## DATA BELOW
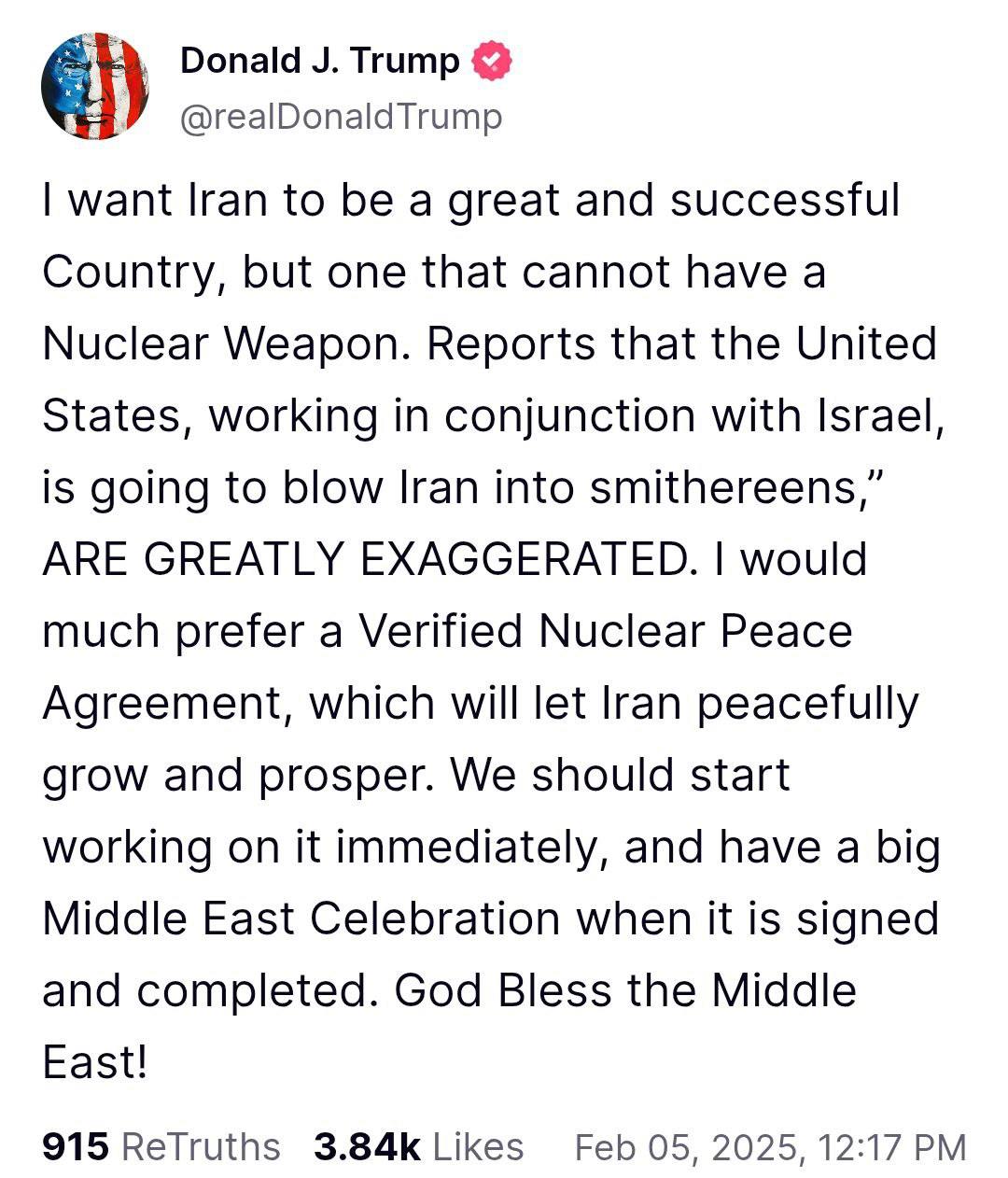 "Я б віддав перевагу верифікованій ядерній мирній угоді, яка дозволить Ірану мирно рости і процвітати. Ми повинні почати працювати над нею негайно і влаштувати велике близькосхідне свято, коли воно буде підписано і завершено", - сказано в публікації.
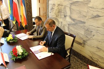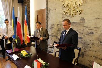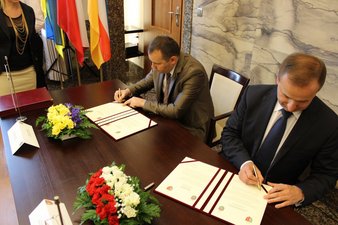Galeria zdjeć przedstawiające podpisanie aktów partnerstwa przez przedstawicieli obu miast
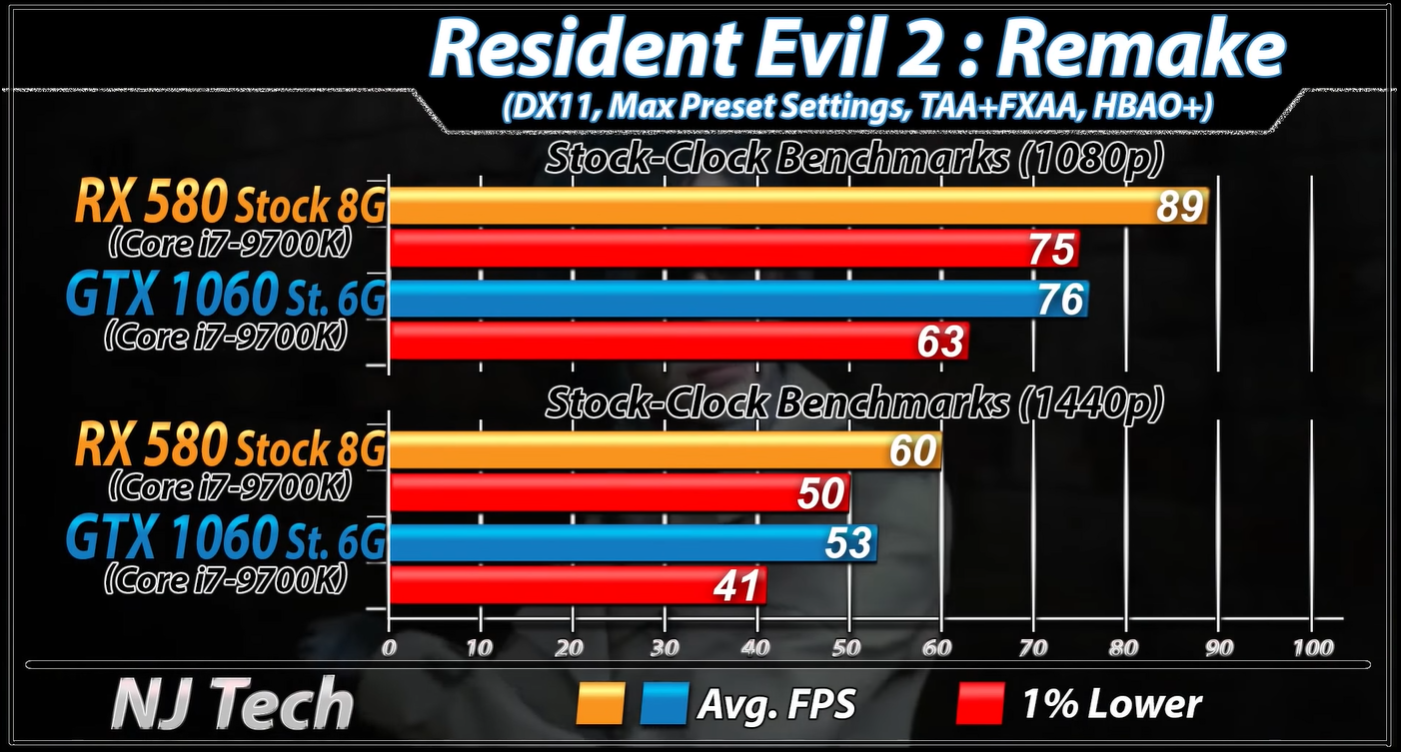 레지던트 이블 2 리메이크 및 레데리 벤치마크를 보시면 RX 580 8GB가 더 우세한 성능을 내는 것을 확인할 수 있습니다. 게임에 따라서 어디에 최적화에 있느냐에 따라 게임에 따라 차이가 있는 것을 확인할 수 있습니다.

## BRIEF
Give back, unaltered, each line of the listing from the first to the line that contains "Galeria zdjeć przedstawiające", leaving every picture out.

## ANSWER
 "Я б віддав перевагу верифікованій ядерній мирній угоді, яка дозволить Ірану мирно рости і процвітати. Ми повинні почати працювати над нею негайно і влаштувати велике близькосхідне свято, коли воно буде підписано і завершено", - сказано в публікації.
Galeria zdjeć przedstawiające podpisanie aktów partnerstwa przez przedstawicieli obu miast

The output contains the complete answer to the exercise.